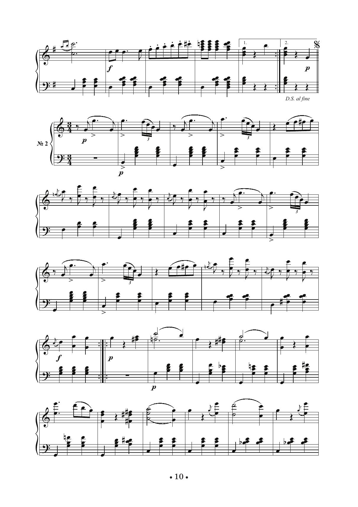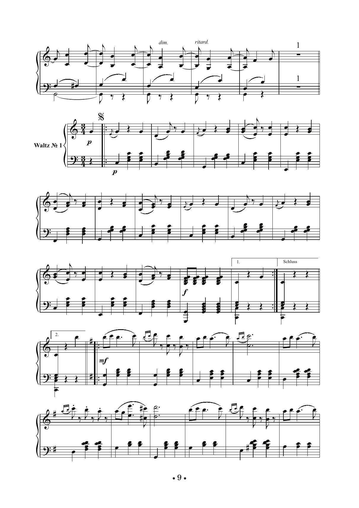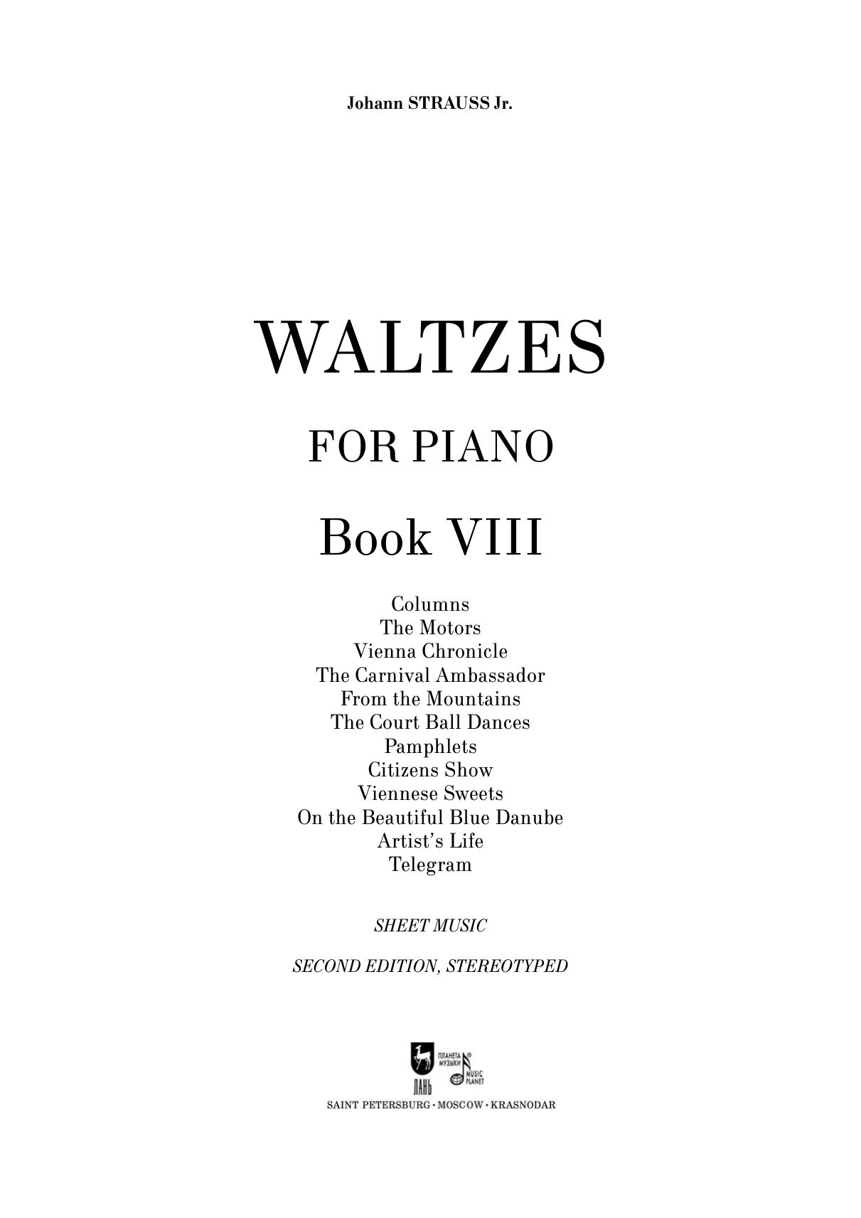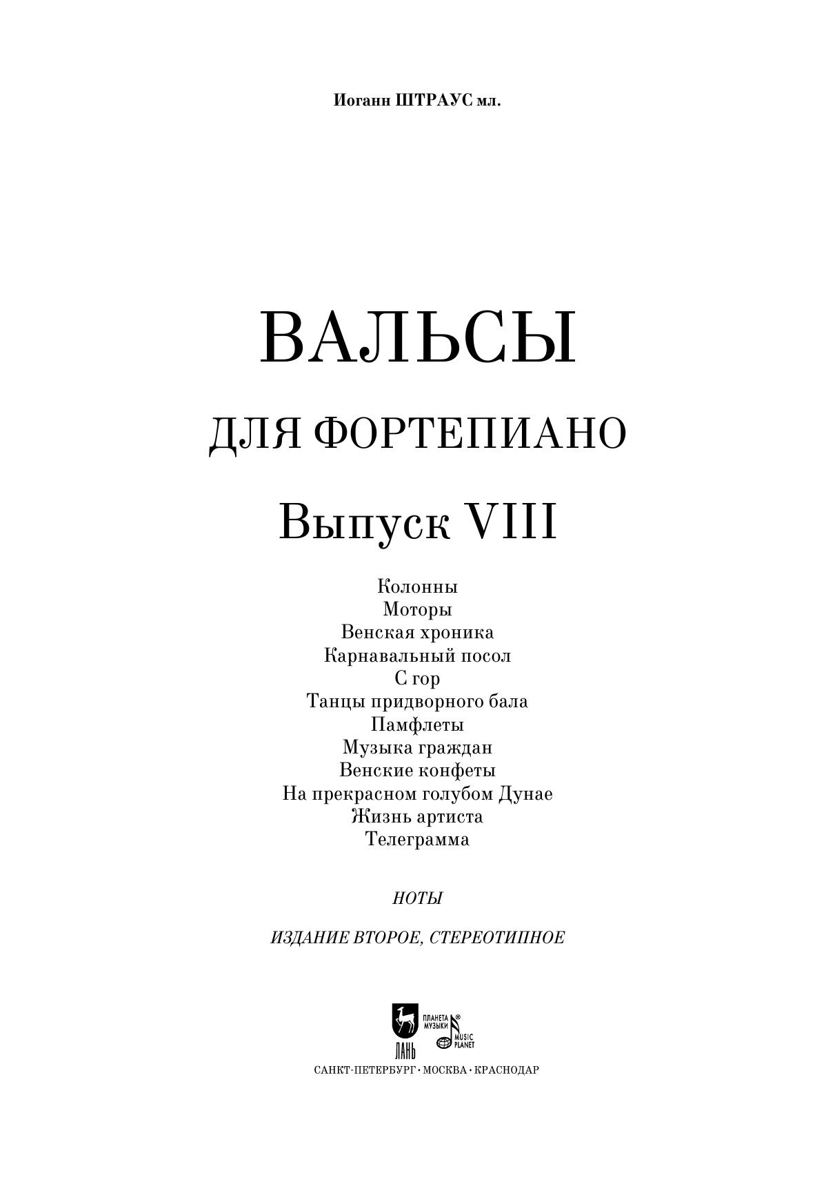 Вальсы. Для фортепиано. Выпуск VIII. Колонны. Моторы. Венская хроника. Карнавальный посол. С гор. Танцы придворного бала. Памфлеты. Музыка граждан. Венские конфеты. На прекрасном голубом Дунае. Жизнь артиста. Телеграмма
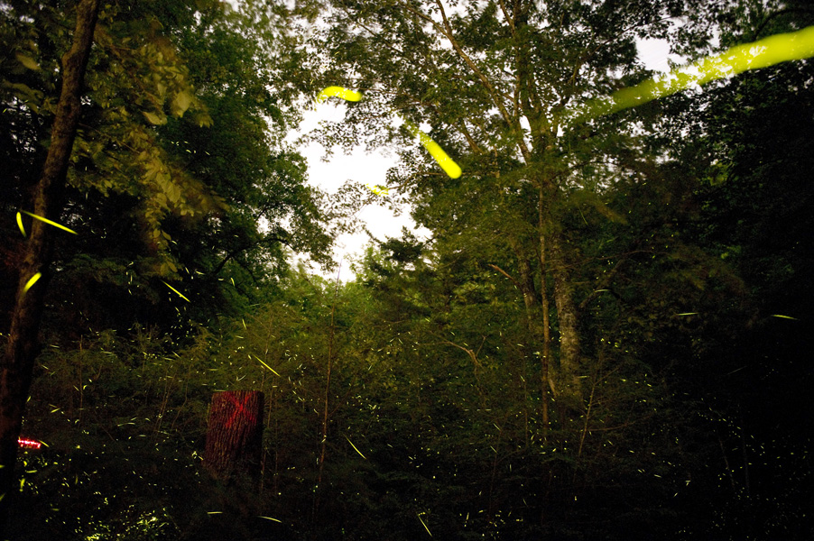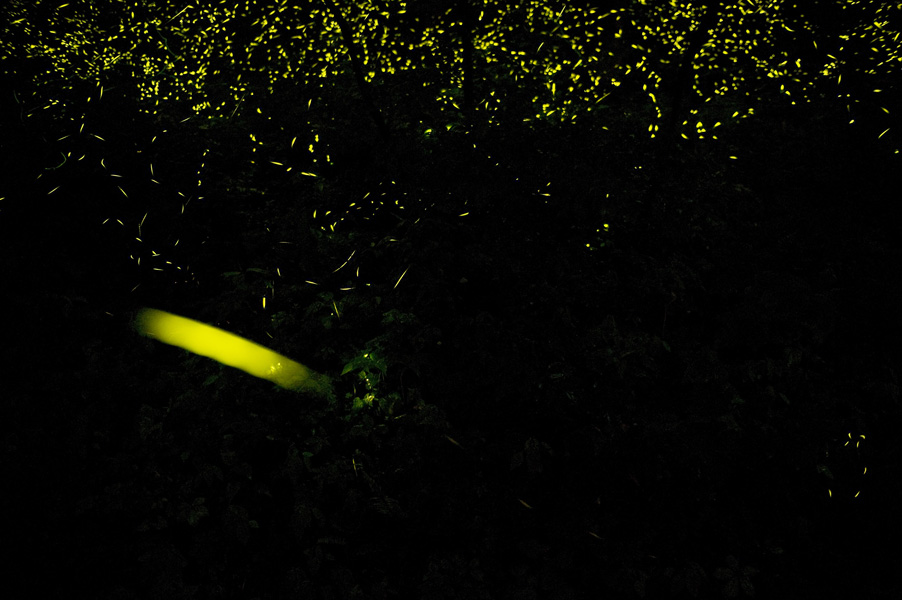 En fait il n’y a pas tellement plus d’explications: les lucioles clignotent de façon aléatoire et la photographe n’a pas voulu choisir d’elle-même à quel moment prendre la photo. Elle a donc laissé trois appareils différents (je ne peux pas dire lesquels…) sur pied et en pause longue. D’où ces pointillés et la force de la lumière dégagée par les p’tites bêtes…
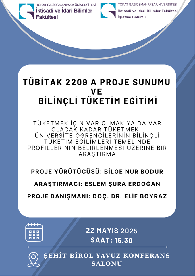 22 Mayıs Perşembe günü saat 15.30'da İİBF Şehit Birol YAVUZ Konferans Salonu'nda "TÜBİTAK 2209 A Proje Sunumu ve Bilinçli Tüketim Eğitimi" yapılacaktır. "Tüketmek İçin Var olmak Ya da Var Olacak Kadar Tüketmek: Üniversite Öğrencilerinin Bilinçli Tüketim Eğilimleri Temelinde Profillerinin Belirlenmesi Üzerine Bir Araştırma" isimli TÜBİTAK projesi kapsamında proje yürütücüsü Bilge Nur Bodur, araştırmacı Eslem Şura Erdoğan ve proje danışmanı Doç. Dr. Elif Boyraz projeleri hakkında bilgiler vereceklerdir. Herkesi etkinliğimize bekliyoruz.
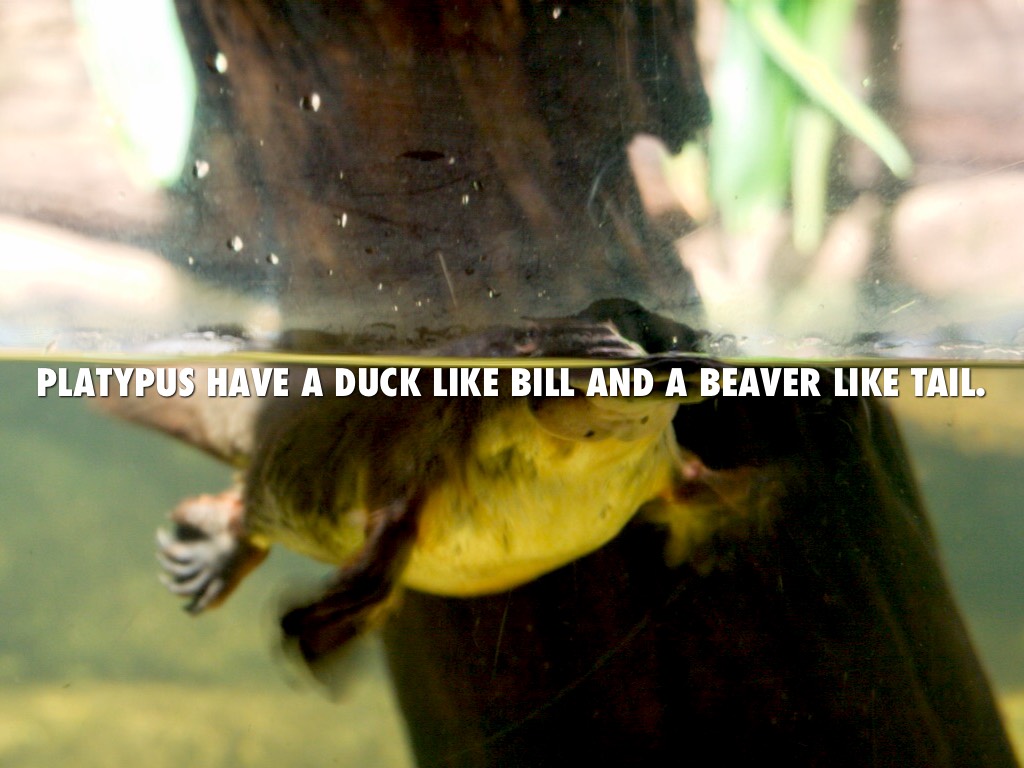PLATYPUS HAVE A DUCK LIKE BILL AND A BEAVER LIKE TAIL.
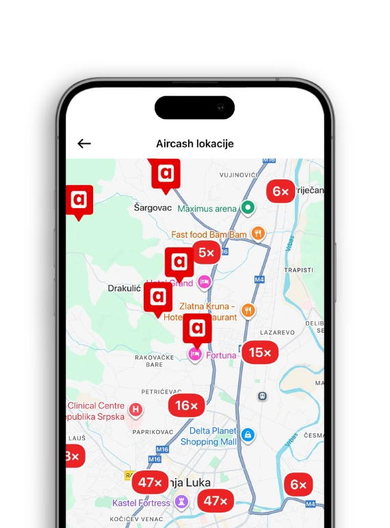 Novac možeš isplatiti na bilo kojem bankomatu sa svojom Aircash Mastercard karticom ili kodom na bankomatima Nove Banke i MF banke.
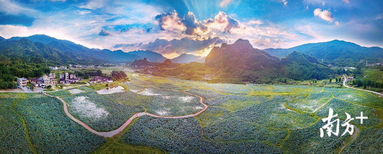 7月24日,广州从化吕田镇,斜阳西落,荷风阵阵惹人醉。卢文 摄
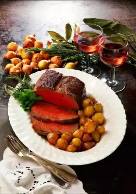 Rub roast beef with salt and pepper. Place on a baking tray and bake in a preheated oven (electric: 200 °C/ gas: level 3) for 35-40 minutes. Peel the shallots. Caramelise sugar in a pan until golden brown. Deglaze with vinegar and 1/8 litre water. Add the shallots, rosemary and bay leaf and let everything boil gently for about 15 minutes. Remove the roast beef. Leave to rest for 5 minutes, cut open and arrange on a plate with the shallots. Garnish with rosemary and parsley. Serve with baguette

------------------------------------------------------------

◆ Brief ◆
Transcribe exactly the lines from the one with "7月24日,广州从化吕田镇,斜阳西落,荷风阵阵惹人醉。卢文 摄" to the last line of the records, both included, so that no picture appears in the copy.

◆ Answer section ◆
 7月24日,广州从化吕田镇,斜阳西落,荷风阵阵惹人醉。卢文 摄
 Rub roast beef with salt and pepper. Place on a baking tray and bake in a preheated oven (electric: 200 °C/ gas: level 3) for 35-40 minutes. Peel the shallots. Caramelise sugar in a pan until golden brown. Deglaze with vinegar and 1/8 litre water. Add the shallots, rosemary and bay leaf and let everything boil gently for about 15 minutes. Remove the roast beef. Leave to rest for 5 minutes, cut open and arrange on a plate with the shallots. Garnish with rosemary and parsley. Serve with baguette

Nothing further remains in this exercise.